ABEJA Platformにおける開発

ABEJA Platformは一言で言えば、コードをアップロードすると、クラウド上で学習や推論を行なってくれるプラットフォームです。コードには、プラットフォーム特有の作法が幾つかあるため、直接はローカルのPCでは動きません。例えば、推論コードは以下のようなルールになりますし、学習も同様です。

Kobito.G7FsoI.png

この場合、どうやって開発をすれば良いでしょう。

直接コードをアップロードして動作を確認しようとするのでは、後ろのクラウド側のリソースの確保やログの出力に多少の時間がかかってしまいます。数分待ってインデントエラーで終了とか、残念すぎますよね。モジュール単位でならテストコードである程度は確認できるものの、学習全体パスについては実際に動かしてみないと分かりません。

ローカル学習機能

そこで、ABEJA Platformは、ローカル学習機能というものを備えています。ローカル学習機能とは、プラットフォームにコードをアップロードせず手元の環境で動作させる機能です。これはリソースの確保が不要なため、通常のコードと同様に立ち上げることができ、素早く動作を確認できます。

ローカル学習を動かすためにはABEJA CLIというプラットフォームを操作するためのコマンドラインツールを使います。例えば以下のように使います。

$ abeja training train-local -h train:handler \
    -i abeja/all-cpu:18.10 \
    -o XXXXXXXXXX \
    -d train:XXXXXXX

-hでエントリポイントを指定します。-iは学習のベースイメージです。ABEJA PlatformのコードはDockerの技術を使っており、上記ベースイメージから作成したコンテナに、アップロードしたコードを載せて実行されます。-oはオーガニゼーション、-dは学習データの指定となります。上記であれば、IDがXXXXXXというDataSet(アノテーション済みデータ)にtrainという名前をつけることを意味します。上記を実行すると手元の環境で学習が走ります。詳細な使い方は公式ドキュメントを参照してください。

PyCharmによるデバッグ

即座に動作できるので即座に動作を確認できますが、実際の開発ではDebuggerを使って動作を検証できると、想定していなかった動作の検証が素早くできます。ここで、非常に優秀なDebuggerを備えているツールとしてPyCharmがあります。PyCharmを使うと、グラフィカルにブレークポイントを仕掛け、内容を把握することができます。僕は普段はpdbですが、正直PyCharmはめちゃめちゃ優秀です。

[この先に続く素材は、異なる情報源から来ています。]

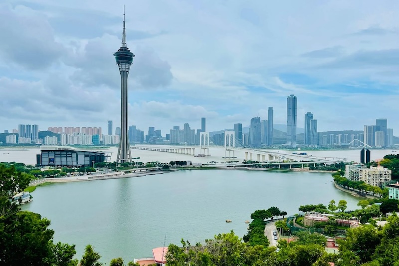 マカオタワーと橋を一望できる絶景ポイント。コンパクトな都市ながら、想像以上にスケールの大きな景色が広がります。
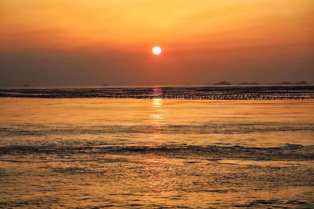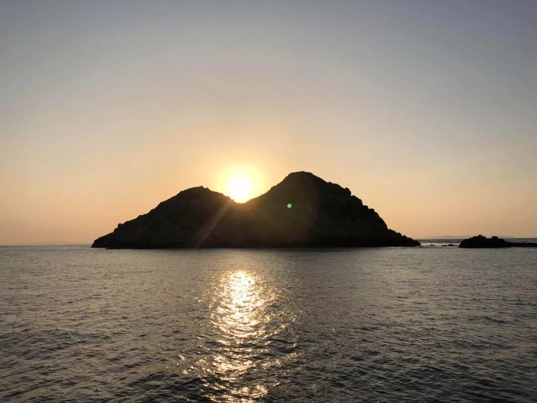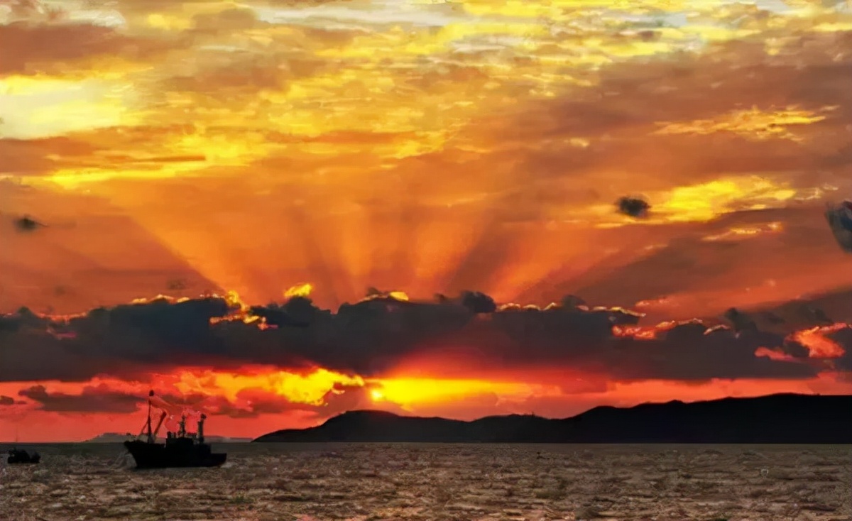 夕陽映照下的大海閃著橙黃色的光芒,船隻陸續返程,一切顯得安靜而和諧。海面上泛紅的陽光提醒著你短暫的一天即將結束。
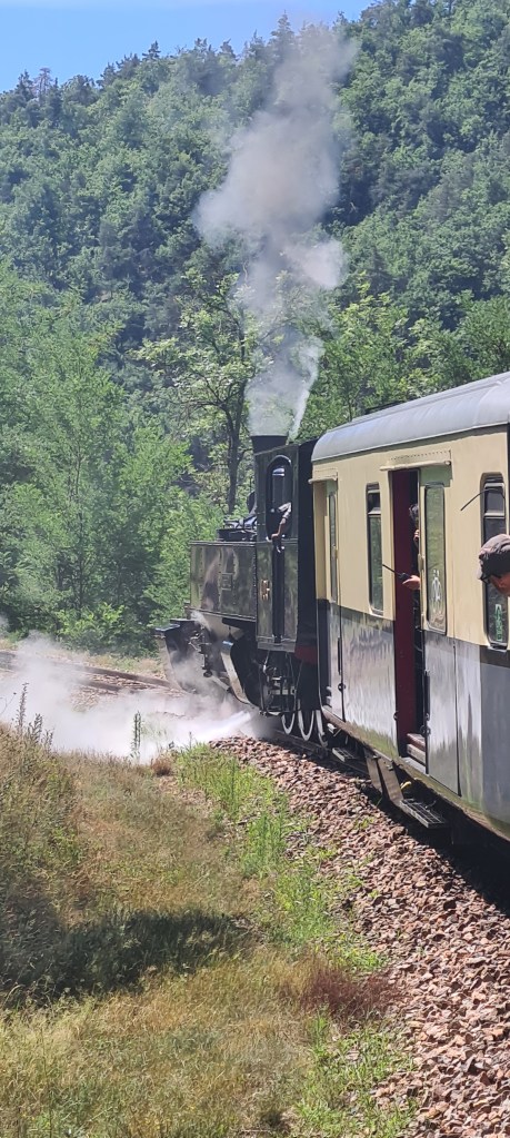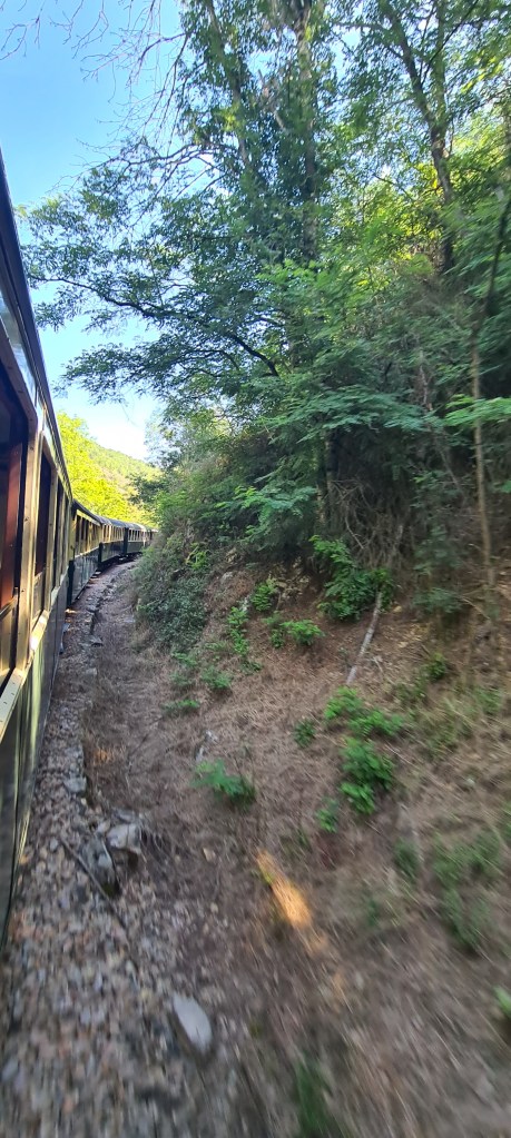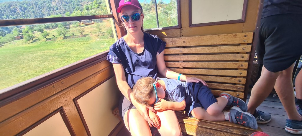 2e jour : nous partons direction Lamastre à bord du Mastrou. Monter dans ce train, fait partie de l’aventure ardéchoise. Lorsque vous faites la Dolce Via avec des enfants, ce moment constitue l’attraction des 90 km, les enfants n’attendent que ça. Gaspard, qui était majoritairement dans la carriole, même s’il faisait de la draisienne, a aimé regarder tous les composants du train, la fumée, visiter le wagon et il s’est même endormi, alors que cette virée n’est pas très silencieuse. Ce train à vapeur, passe en surplomb des gorges du Doux permettant d’admirer toute sa vallée sur 28 km. Nous avons pu admirer Colombier le vieux, faire une petite pause à Boucieu Le Roi, observer le pont des soupirs et passer le 45e parallèle (équidistance entre l’équateur et le Pôle Nord : 5000 km de part et d’autre° pour finir à Lamastre, connue pour sa délicieuse crème de marron et ses criques de pomme de terre.
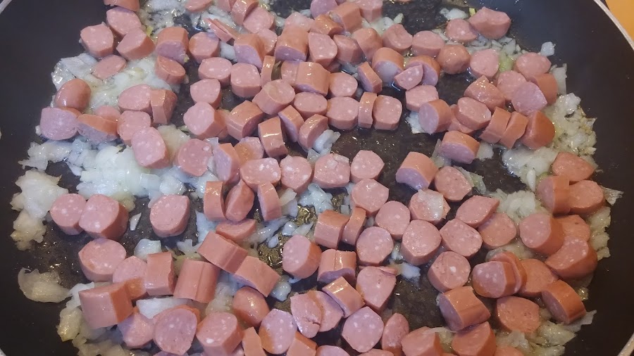 Cuando veamos que empieza a pocharse, añadimos las salchichas cortadas a rodajitas.
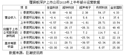 我覆銅板制造企業(yè)或包含有覆銅板制造的企業(yè),在深滬上市的共有5家公司。根據(jù)這些公司公布的業(yè)績(jī)報(bào)告,整理計(jì)算的各公司營(yíng)業(yè)收入、歸屬于上市公司股東的凈利潤(rùn)和基本每股收益3項(xiàng)指標(biāo)的增長(zhǎng)情況,如下表。
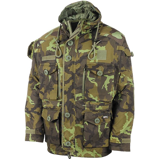 MFHHighDefence SMOCK Commando Jacke Ripstop - M95 CZ Tarnung - XL: Versteckter 2-Wege-Frontreißverschluss, mehrere Taschen mit Klappen und Knöpfen, verstellbare Taille, verstärkte Kapuze und Ellbogen, Klettverschlussflächen, Unterarmreißverschlüsse, Mater
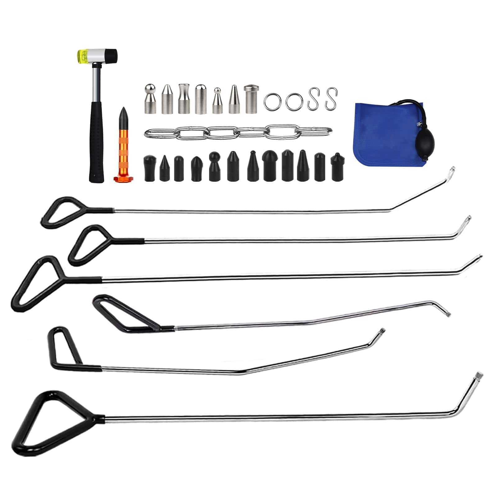 4. Material Las varillas de herramientas para reparación de abolladuras con mango de goma cómodo, las varillas de acero inoxidable son más firmes que las varillas normales, no se doblan fácilmente, no se oxidan fácilmente, y la parte del mango está hecha de goma, mango cómodo para un servicio prolongado.

さて、ようやく本題ということで、PyCharmを使ったデバッグ方法について解説していきます。

準備

まずは、PyCharmに課金をします。ABEJA PlatformはDockerの技術を使ってコードを動かしているので、Docker内で動くコードをデバッグする必要があります。PyCharmのProfessionalがその機能を持つのでLet's 課金。Professionalは、sshを使ったリモートデバッグなども持っており、非常に便利ですよ。

続いて、Pythonを実行するためのDocker環境を用意します。実は上記ABEJA Platformのローカル学習機のは、Dockerイメージを作るだけの機能を備えており、下記を実行するとPlatformと同じ環境でPythonをコードが動くDockerイメージが出来上がります。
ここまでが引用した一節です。